[Data items]
┌──

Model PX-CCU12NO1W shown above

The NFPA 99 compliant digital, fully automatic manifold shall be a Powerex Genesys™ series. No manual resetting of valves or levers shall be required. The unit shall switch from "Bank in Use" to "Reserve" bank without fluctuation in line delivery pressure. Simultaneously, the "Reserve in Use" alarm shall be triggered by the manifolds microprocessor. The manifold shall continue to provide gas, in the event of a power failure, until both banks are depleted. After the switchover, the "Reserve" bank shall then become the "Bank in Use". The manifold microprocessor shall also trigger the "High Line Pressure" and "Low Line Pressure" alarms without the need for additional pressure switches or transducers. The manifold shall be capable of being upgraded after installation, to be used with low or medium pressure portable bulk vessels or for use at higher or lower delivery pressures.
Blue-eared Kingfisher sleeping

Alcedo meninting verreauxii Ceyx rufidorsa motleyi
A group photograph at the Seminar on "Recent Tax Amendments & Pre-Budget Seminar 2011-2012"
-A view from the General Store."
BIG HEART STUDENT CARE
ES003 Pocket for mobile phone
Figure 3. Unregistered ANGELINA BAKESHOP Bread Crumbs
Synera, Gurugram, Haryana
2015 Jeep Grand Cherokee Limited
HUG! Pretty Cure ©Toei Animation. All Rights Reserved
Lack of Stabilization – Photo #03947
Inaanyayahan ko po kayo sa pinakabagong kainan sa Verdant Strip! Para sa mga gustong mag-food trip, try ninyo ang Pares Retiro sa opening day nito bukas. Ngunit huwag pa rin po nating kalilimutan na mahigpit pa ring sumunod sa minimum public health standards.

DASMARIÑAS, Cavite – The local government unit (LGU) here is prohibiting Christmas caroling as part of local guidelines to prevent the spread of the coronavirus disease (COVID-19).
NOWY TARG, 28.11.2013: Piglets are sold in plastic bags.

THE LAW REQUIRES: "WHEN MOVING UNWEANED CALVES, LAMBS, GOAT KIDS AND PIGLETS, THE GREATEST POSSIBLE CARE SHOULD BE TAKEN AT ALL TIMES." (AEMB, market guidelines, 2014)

└──
┌──

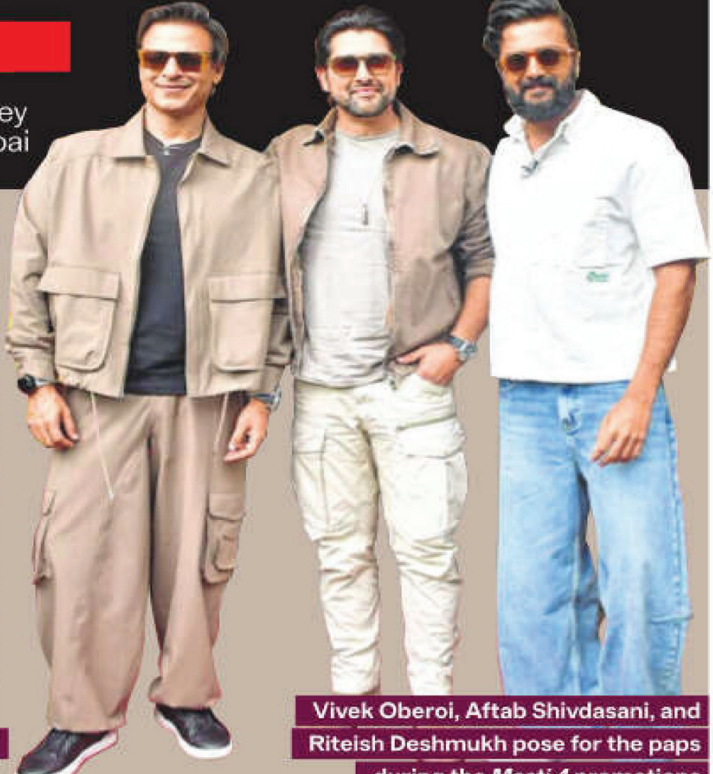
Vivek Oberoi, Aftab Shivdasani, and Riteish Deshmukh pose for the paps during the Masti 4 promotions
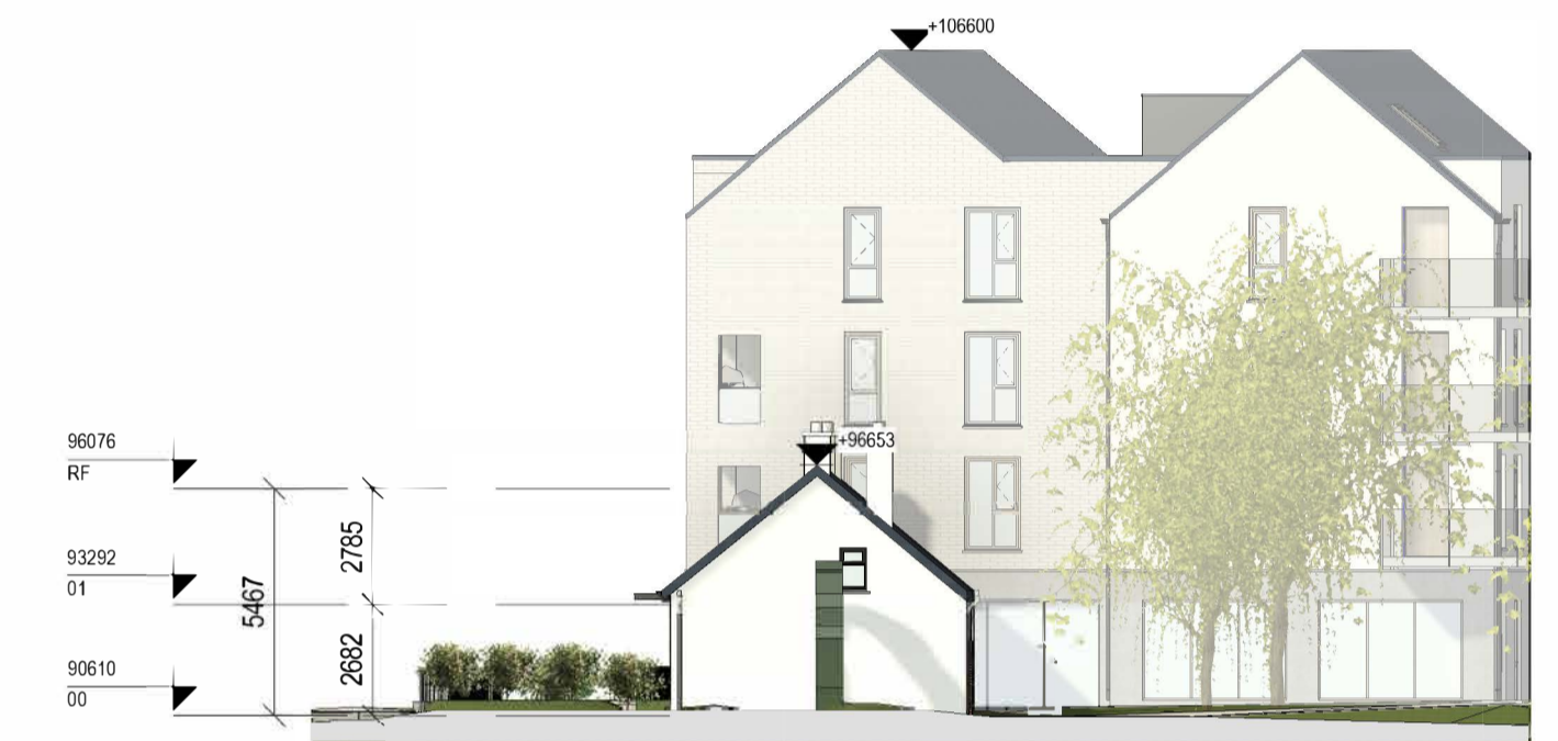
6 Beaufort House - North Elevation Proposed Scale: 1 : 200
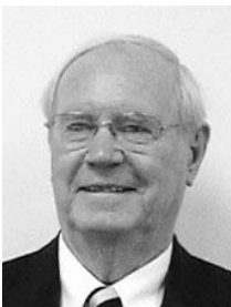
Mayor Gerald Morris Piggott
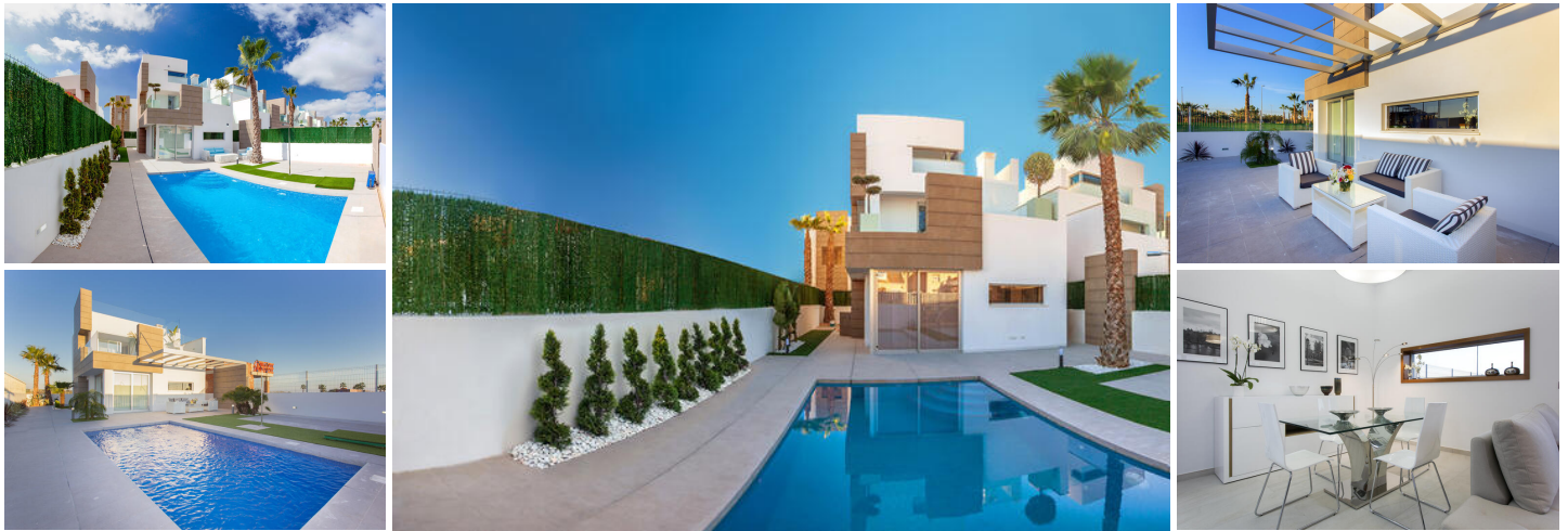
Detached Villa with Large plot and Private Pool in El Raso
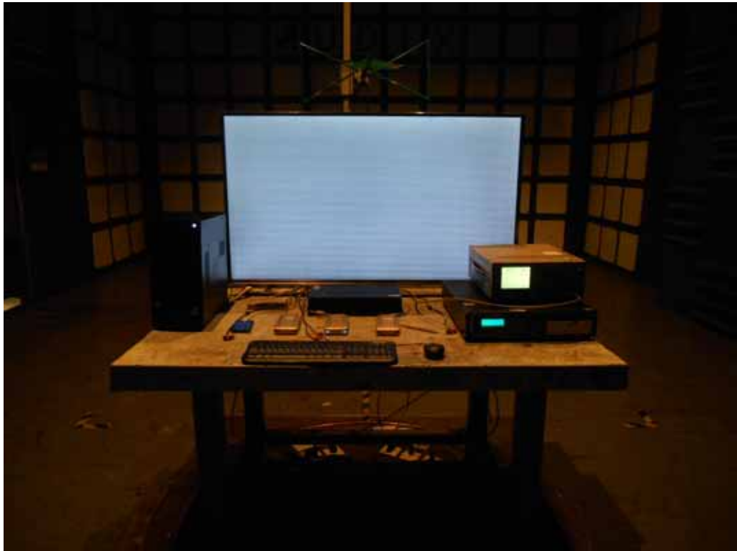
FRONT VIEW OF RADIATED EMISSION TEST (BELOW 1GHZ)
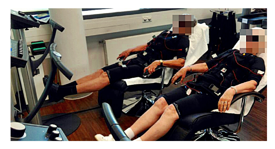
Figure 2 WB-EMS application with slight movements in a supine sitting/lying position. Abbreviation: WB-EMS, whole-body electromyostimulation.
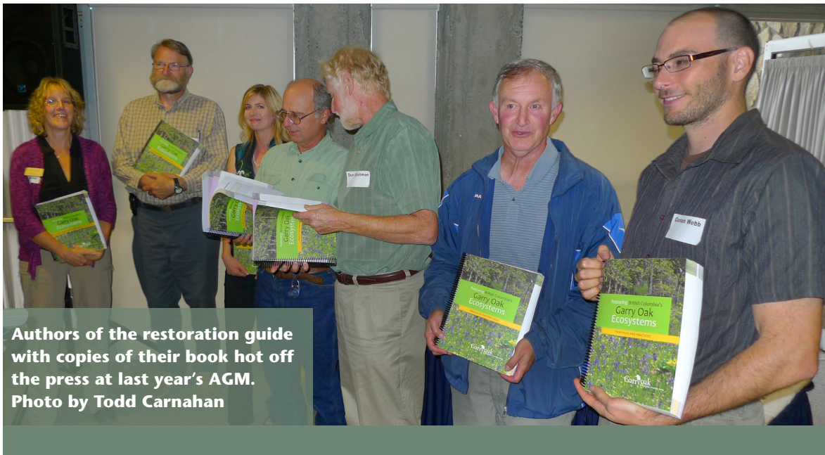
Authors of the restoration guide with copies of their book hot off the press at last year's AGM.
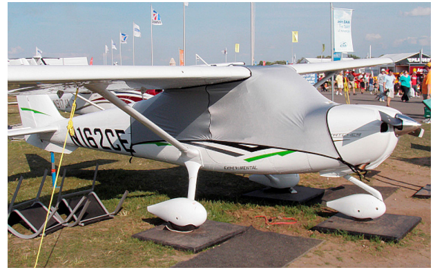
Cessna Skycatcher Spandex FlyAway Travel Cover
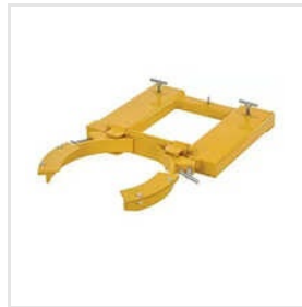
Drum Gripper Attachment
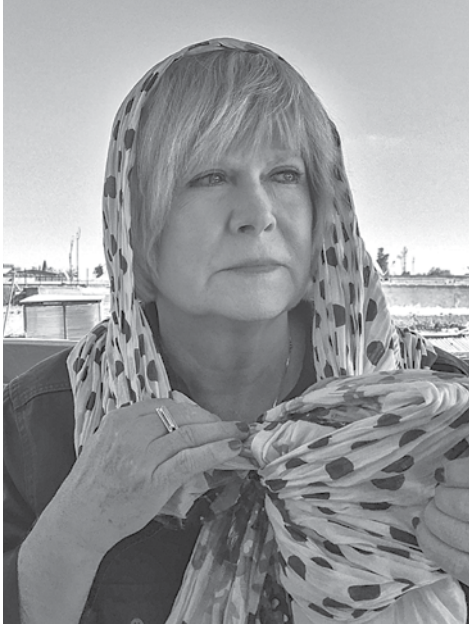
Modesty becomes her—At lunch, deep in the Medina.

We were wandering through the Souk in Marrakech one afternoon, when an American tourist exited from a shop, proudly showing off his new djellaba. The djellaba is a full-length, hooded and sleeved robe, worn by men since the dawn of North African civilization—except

└──
┌──

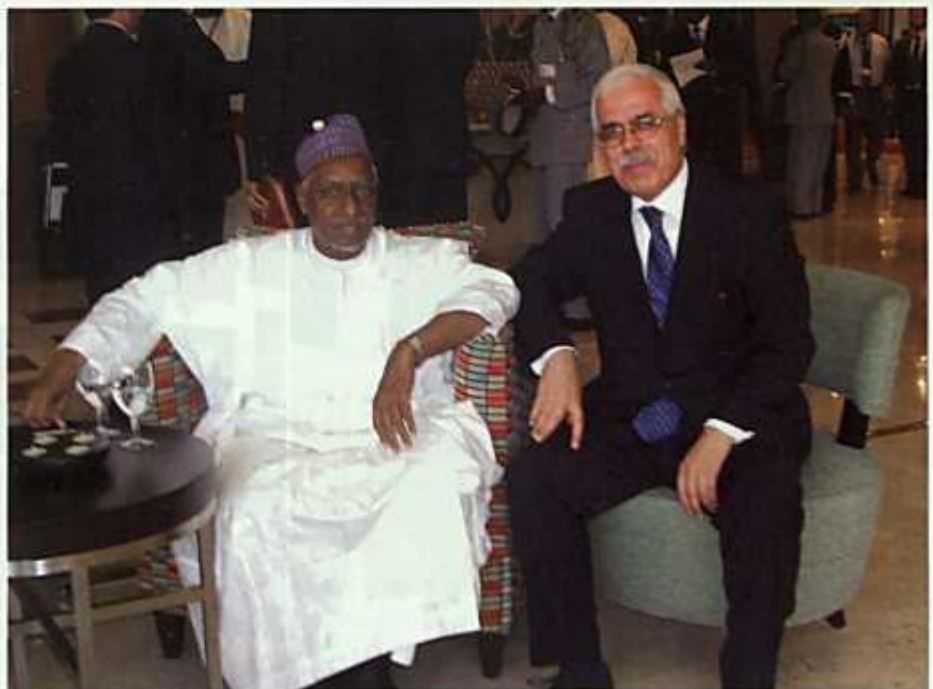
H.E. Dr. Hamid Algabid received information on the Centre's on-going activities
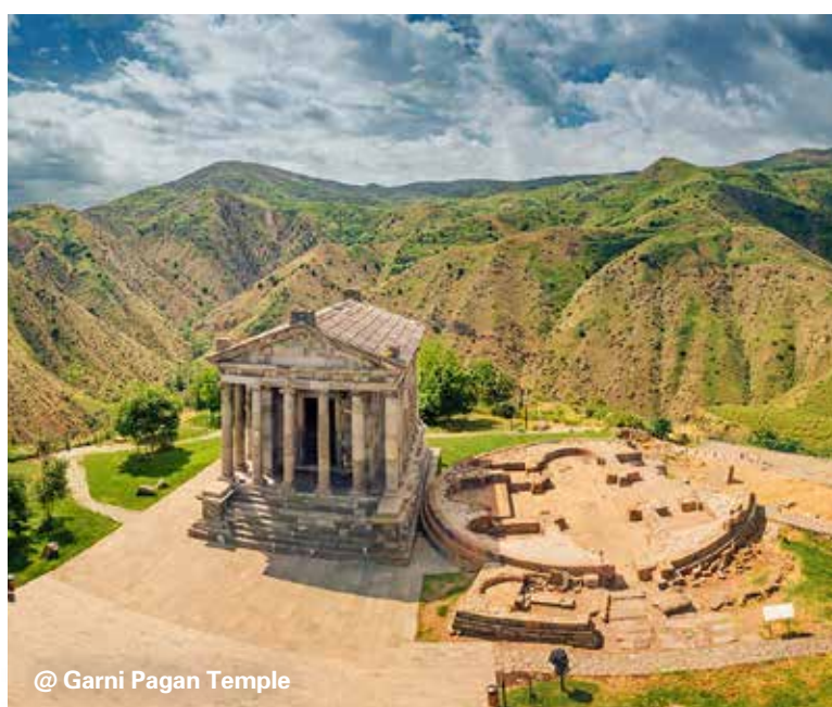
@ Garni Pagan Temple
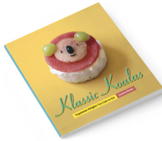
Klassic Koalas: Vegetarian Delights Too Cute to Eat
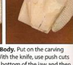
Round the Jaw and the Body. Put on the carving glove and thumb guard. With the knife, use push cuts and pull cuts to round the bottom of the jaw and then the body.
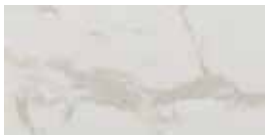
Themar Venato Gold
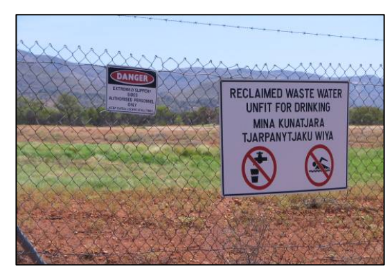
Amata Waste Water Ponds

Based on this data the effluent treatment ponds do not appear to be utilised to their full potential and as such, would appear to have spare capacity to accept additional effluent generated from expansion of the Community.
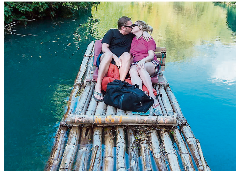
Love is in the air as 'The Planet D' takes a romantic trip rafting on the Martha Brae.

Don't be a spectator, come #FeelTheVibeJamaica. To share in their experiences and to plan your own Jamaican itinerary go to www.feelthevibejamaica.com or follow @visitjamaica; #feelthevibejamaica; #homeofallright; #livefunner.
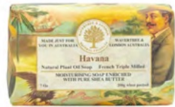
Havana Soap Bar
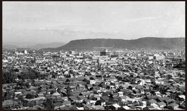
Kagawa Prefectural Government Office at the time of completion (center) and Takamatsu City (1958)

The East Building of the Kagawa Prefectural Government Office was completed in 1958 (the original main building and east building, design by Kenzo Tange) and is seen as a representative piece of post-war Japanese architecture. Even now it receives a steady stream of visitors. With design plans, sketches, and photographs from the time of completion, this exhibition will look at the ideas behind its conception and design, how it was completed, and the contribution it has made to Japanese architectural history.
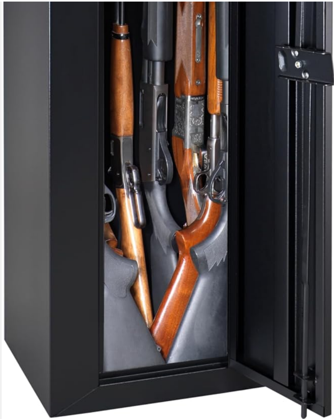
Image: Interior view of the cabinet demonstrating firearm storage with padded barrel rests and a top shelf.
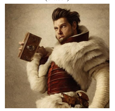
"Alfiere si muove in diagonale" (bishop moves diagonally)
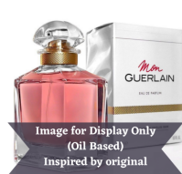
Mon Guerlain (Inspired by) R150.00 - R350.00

└──

#### [What to work on]
Look back at the data above. Transcribe exactly the lines starting at the line that contains "DASMARIÑAS, Cavite –" and ending at the line that contains "market guidelines, 2014)".

#### [Solution below]
DASMARIÑAS, Cavite – The local government unit (LGU) here is prohibiting Christmas caroling as part of local guidelines to prevent the spread of the coronavirus disease (COVID-19).
NOWY TARG, 28.11.2013: Piglets are sold in plastic bags.

THE LAW REQUIRES: "WHEN MOVING UNWEANED CALVES, LAMBS, GOAT KIDS AND PIGLETS, THE GREATEST POSSIBLE CARE SHOULD BE TAKEN AT ALL TIMES." (AEMB, market guidelines, 2014)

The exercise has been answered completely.